Trevathan already has a Super Bowl ring — he was the Broncos’ leading tackler in their Super Bowl 50 victory over the Panthers. But hobnobbing with Dick Butkus and Mike Singletary and other former players from the Bears’ glorious past put his tenure with the team into an even sharper focus.

“Man, just to be around them gave me goosebumps,” Trevathan said. “I know I’m in the right place, man — linebacker. This is linebacker heaven. You dream of this. My mouth started watering when I started thinking about this. I wanted to play that day, right after we finished talking with them.”

While the main purpose of the event was to celebrate the past, the convention also served as an inspiration to the current team to fulfill its potential as Super Bowl contenders. Players like Trevathan, Akiem Hicks, Khalil Mack, Eddie Jackson and Roquan Smith got a full dose of what it means to the old-timers to be a part of the franchise founded by the legendary George Halas — and how much pride the former players take in the current team’s success.

“What they felt this weekend was a brotherhood,” coach Matt Nagy said. “It was a family. It was a bond. And they saw that. We talked about in our team meeting is that they have the ability right now to create our own legacy.

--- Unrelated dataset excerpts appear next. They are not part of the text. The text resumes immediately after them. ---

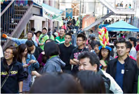
Noon Sat., May 5th: Carnival in full swing
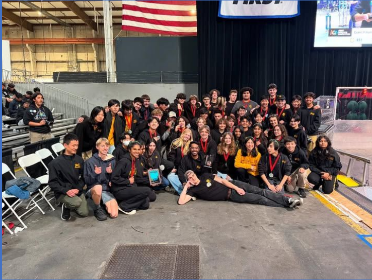
FRC 971 @ Ventura Regional
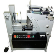
KR502N - Napkin Feeder

An affordable industrial feeder designed to feed flat, die-cut boxes and other difficult products.
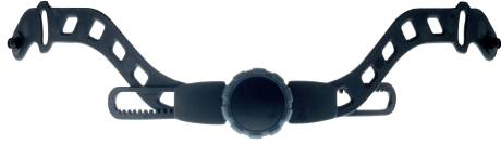
074501 Replacement turn dial adjustment kit for all Ares series helmets.

“It’s not about being better than any other team that was ever here. It’s about carrying on that tradition and making that jersey you’re wearing better than what it was when you put it on the first time. Treating it as a treasure.”

The former Bears are fully vested in Nagy’s Bears winning-it-all approach, offering moral support and sage advice to today’s players. And many of the them took that to heart, including Hicks and Trevathan, who was motivated by meaningful conversations with one Hall of Famer in particular.

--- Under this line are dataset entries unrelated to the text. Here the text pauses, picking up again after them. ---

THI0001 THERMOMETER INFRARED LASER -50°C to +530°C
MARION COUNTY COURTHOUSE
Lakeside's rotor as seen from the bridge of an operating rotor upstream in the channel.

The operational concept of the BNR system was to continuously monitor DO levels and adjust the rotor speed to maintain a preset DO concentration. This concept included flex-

“The Samurai. Mike Singletary,” Trevathan said. “I didn’t really get to talk to him when I first came here, but it was the perfect timing right now. He knows the linebacker is the quarterback of the defense. He knows you can’t be wrong. You’ve got to have your eyes right, your feet right; your mind’s gotta be right. Always take care of yourself and take care of your boys. Just the little things he said. I can’t tell you too much, because I’m going to apply it to my game, and you’re going to see a change.”

Mack felt a similar connection to Richard Dent, the Hall of Fame defensive end who was the MVP of Super Bowl XX.

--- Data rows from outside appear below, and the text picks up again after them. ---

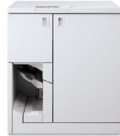
Xerox® Tape Binder

For easily creating professional-looking documents, Xerox Nuvera® Production and Perfecting Production Systems with Xerox® Tape Binder deliver high speed and crisp image quality plus the value and convenience of inline thermal tape binding. Operation is easy, with controls designed to allow you to define job settings, view status and perform basic tasks right at the Tape Binder's Operator Control Panel. Changing binder tape is easy too, with convenient, easy-to-load cartridges. Now available in a dual Xerox® Tape Binder configuration for added productivity.
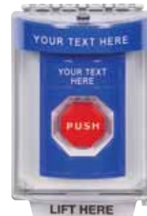
Universal Stopper® (Covers 3, 4, 7, 8)

No labeling can be placed on the Stopper Station shield.
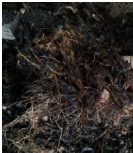
Figure 1. Materials of Compost at the beginning, processing, and end of composting (a and b)

Based on results of the research, the mature compost is well-done at the 37 th day as marked by black compost, odorless, crumb texture, and stable temperature that close to room temperature. Composting has taken place for 40 days, and visually, maturity of the compost can be found out as follow:
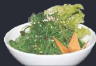
65. Seaweed Salad
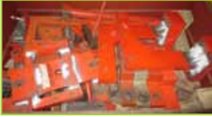
LIFTING WESTINGHOUSE BYDESCRIPTION LIFTING DEVICES TBTG-1

“It was cool, just chatting about the game,” Mack said. “You can tell he still loves the game and he wanted to teach everything that he knew in one sitting. … And after I talked to him, I [went] back and saw [that] what he actually did throughout his whole career here is very special. That definitely has got to be one of my favorite moments.”

Third-year safety Eddie Jackson, who made the Pro Bowl last season, called the Bears100 event “a blessing. I got to meet Mike Ditka — that was one of the highlights of my day,” he said.

Jackson said he enjoyed being on a “legacy” panel with former Bears safeties Doug Plank, Gary Fencik and Mike Brown. He was touched by Brown’s emotional reaction to missing Super Bowl XLI because of a foot injury.

“Just to see him start crying after all this time, it just shows how much it meant to him, what football means to him to this day,” Jackson said.

And he was amused by the hilarious story of Plank — one of the most vicious hitters to ever play the game — tackling a woman as part of a grant-a-fan’s-wish promotion back in the day.

“That’s crazy. But you could tell the type of player he was. He’s real down-to-earth,” Jackson said.

Second-year linebacker Roquan Smith — a prime candidate to carry on the Bill George-Butkus-Singletary-Brian Urlacher legacy of inside linebackers, talked with Butkus and Otis Wilson at the event.

“It was great being around those guys and picking their brains a little bit,” Smith said. “Butkus was like, ‘Just be violent. By all means be violent’ — that was his main thing. And Otis, it was more saying the same thing. ‘Get the quarterback. Knock him out.’ Stuff like that.”

A small dose of the ’85 Bears goes a long way. Today’s team got close to a full dose last weekend, and it appears to have rubbed off.

“The level of expectations has been raised,” Trevathan said, “but let’s be cocky. Let’s be savages. Let’s [not] care about what anybody thinks about us or what they say about us. Let’s be that cocky group, be the best defense ever to do that.”